A lo largo de los siglos XVI y XVII la corona, gracias al Real Patronato, ejerció un poderoso control sobre la organización financiera, institucional y judicial de la Iglesia en América.

En el siglo XVIII estas prerrogativas del monarca aumentaron aún más en virtud de la aplicación de la doctrina regalista. Ésta concedía al rey de España el derecho a desempeñar la función de vicario general de Dios en la Iglesia americana, a expensas de la autoridad papal.

Mediante real cédula del 14 de julio de 1765 se dio carácter oficial al regalismo que implicó, asimismo, el traspaso al rey de todos los aspectos de la jurisdicción eclesiástica.

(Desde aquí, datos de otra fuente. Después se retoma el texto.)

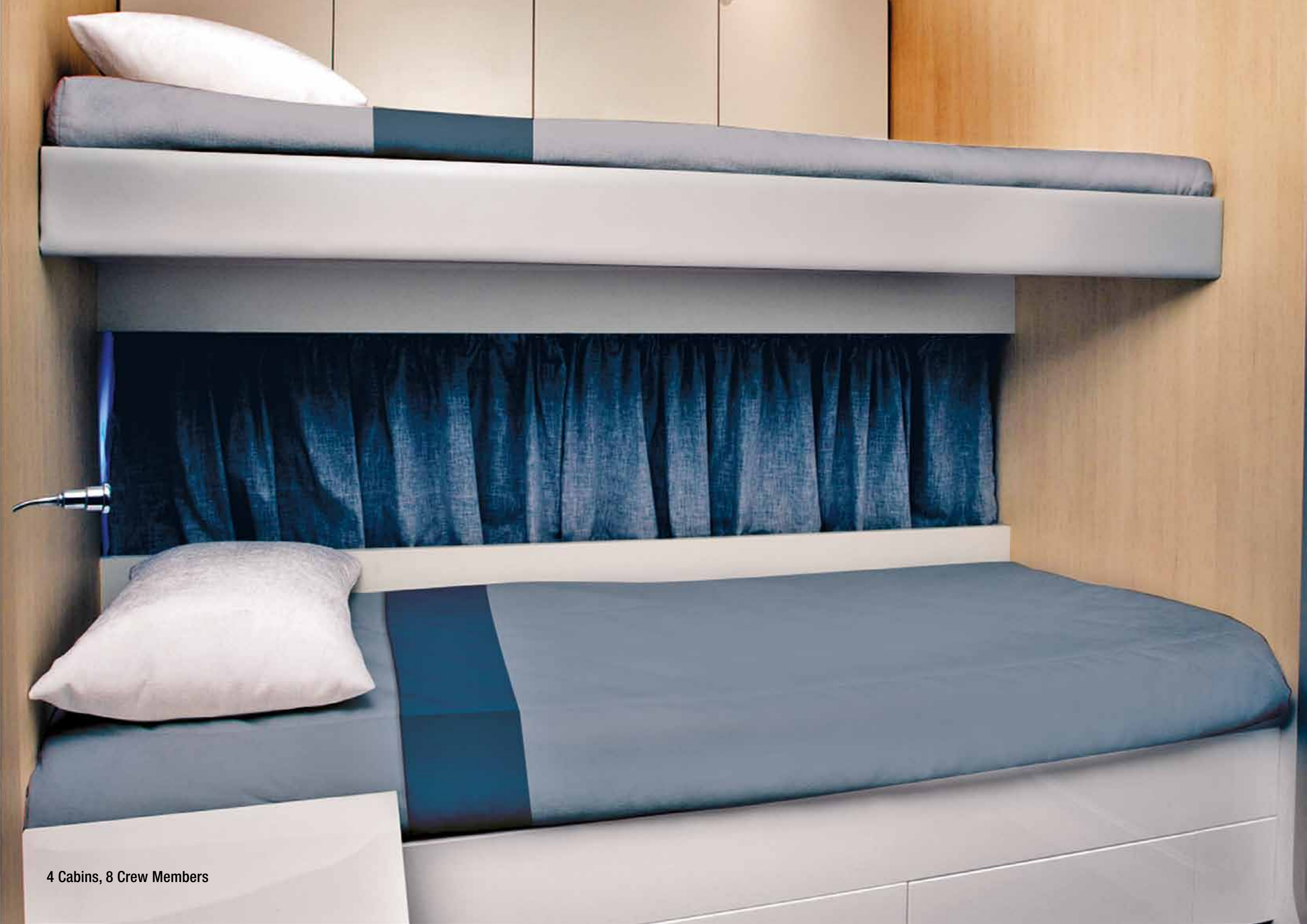
4 Cabins, 8 Crew Members

Sólo la potestad de orden (facultades sacramentales adquiridas por los clérigos al ordenarse) no podía ser ejercida por el rey, por ser ésta de naturaleza sacerdotal.

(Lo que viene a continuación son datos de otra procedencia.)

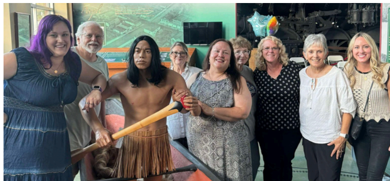
Kalama Chamber Banquet Organizers
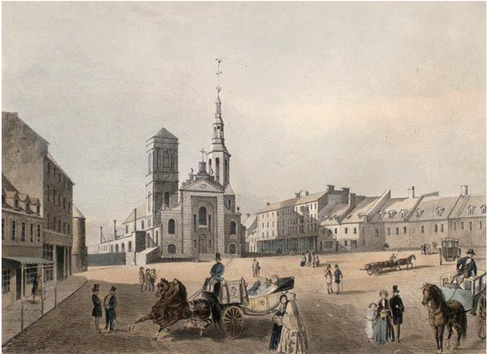
French Cathedral and Market Square, Quebec City, Mikan # 2837622
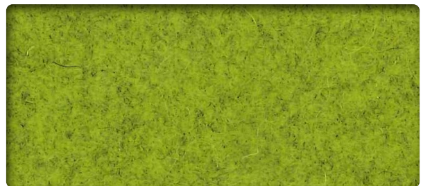
Avocado Green (AV)
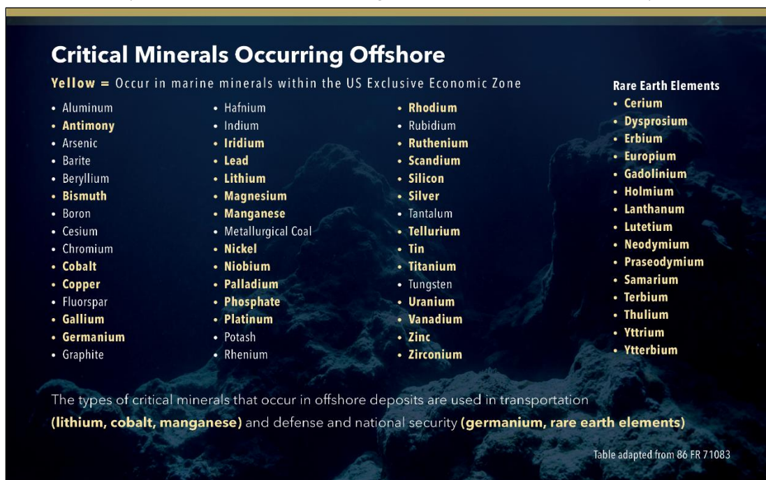
Figure 2. Critical Minerals Occurring Offshore (with subset of minerals occurring on the U.S. outer continental shelf)
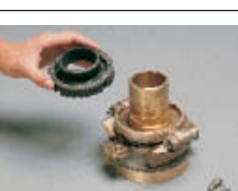
13. Slide the Check Valve Spider Assembly onto the Check Valve Sleeve, secure with screws. Position the Check Valve Packing Diaphragm on the Check Valve Packing Diaphragm Plate
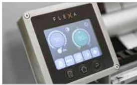
Automatic vertical alignment control panel

Así por ejemplo, mientras antes el rey nombraba a las dignidades eclesiásticas tras recibir una propuesta, ahora podía sustituirlas a su soberana voluntad.

En el marco de esta política hay que comprender la brusca expulsión de América de la Compañía de Jesús en 1767. Tal como señala acertadamente John Fisher, "lo que realmente se pretendía con la expulsión era eliminar el imponente obstáculo que constituían los jesuitas para el nuevo regalismo de Carlos III y sus ministros".

A esto debemos agregar otras razones, entre las cuales figuran el inmenso poder económico, materializado en la posesión de enormes haciendas, y el temor al influjo que sobre la masa indígena ejercían los jesuitas.